You don’t seem to understand what the study you are criticizing did.

They weren’t just measuring temperatures for a given moment in time, they were comparing temperatures OVER time. So, they’re comparing all the current data to all the old data, which means you need to use both types of data. Unfortunately the differences in measurement technique matter because of how statistics (look up standard deviation) works when you want to federate two different data sources, so you need to normalize one to the other. It doesn’t matter whether one is more “accurate” (you really mean ‘precise’ in scientific terms) because you need to use both data sets.

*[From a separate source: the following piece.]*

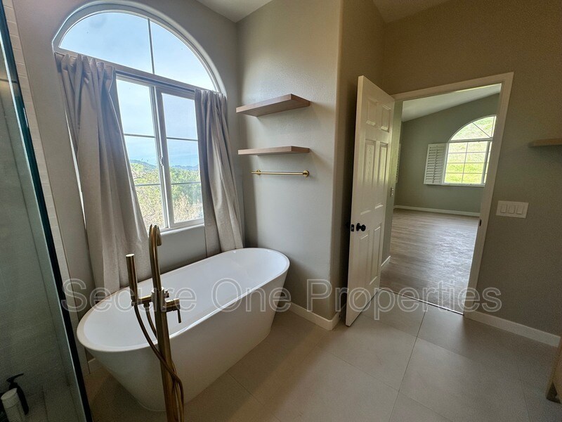 This elegant 4-bedroom, 3-bathroom designer townhome is perched at the top of the “Westlake Vista” community, offering mountainous and hillside views. The multi-level home features over 2400 square feet of living space and it is on a unique corner location adjacent open space. It boasts pride of ownership throughout, and it is brimming with stunning upgrades. The recently remodeled and re-imagined chef’s kitchen was designed with meticulous attention to detail, boasting Calacatta Vagli Honed marble countertops and backsplash, Wolf range with iconic red knobs, Fisher Paykel fridge, custom cabinetry with loads of storage, farmhouse sink, an oversized island, undercounter lighting, custom light fixtures and more! The family room is adjacent to the kitchen on the first level, and it has high ceilings, shutters, a decorative fireplace with Calacatta Vagli Honed marble mantle, and a patio door opening to the lovely wrap-around patio. The primary bedroom has views of the hillside and mountains, a private balcony, walk-in closet, and an attached private bathroom. The primary bathroom was recently remodeled with a new shower stall, a free-standing soaking tub, and dual vanity. There is also a loft area on the same level as the primary bedroom. There are two bedrooms and a jack-and-jill bathroom on the top level. Each bedroom on this level has mirrored closet doors and access to its own private vanity area. The laundry closet is on the top level, and the Maytag washer/ dryer set is provided. There are an additional bedroom and full bathroom on the entry level. There is a 2-car garage with direct access to the house on the entry level. There is an additional fridge in the garage provided for residents’ use. The lovely patio has artificial turf and a concrete patio area. The patio has views of open space and a mature Oak Tree. The “Westlake Vista” neighborhood has a community pool and spa, and the HOA maintains the common grounds. This home’s prime location is within minutes of The Westlake Promenade, hiking and biking trails, shopping on Thousand Oaks Boulevard, freeway access, and schools. It is in the regarded Conejo Valley Unified School District. This is a non-smoking property. Submit for a pet: no large dogs or aggressive breeds. Both fireplaces are for decoration only and are not to be used. HIGHLIGHTS: • 2400 square feet, 4 bedrooms, 3 bathrooms • Unique corner unit adjacent to open space • Mountainous views • Remodeled chef’s kitchen • Pride of ownership loaded with upgrades • Washer/ dryer & additional fridge in garage provided • Wrap-around oversized patio with artificial turf

So, with your baby example say you have some precise rectal readings from a group of babies, but you think babies are getting hotter over time, so you want to see if your current babies are heating up in the same way they have in the past. You’re not comparing absolute temperatures, you’re comparing CHANGE, so you don’t really care what the number is so much as how much the number changes. You also know that rectal readings run hotter than skin readings, but all your readings in the past were skin readings. If you just added them together you’d add a pile of variability because of the differences between the two data sources. So what you’d do is normalize one data set to the other so your SD is under control and then look at changes from your baseline.

This isn’t some sort of radical idea, it is the way ALL science is done that requires federation of this kind. The MRI example is an excellent one. Different MRIs produce different numbers. They might both be precise, but if you add them together without correction you’ll just get noise. Which actually has been a big problem in the imaging literature. If you look it up you’ll see that standardizing these kinds of correction factors is a whole topic of debate in the imaging field, with the field being extremely critical of those who didn’t do it right.

The NOAA have posted their methods online as well as in their excellent paper. There is nothing untoward about what they did. You should actually read their paper before you criticize it.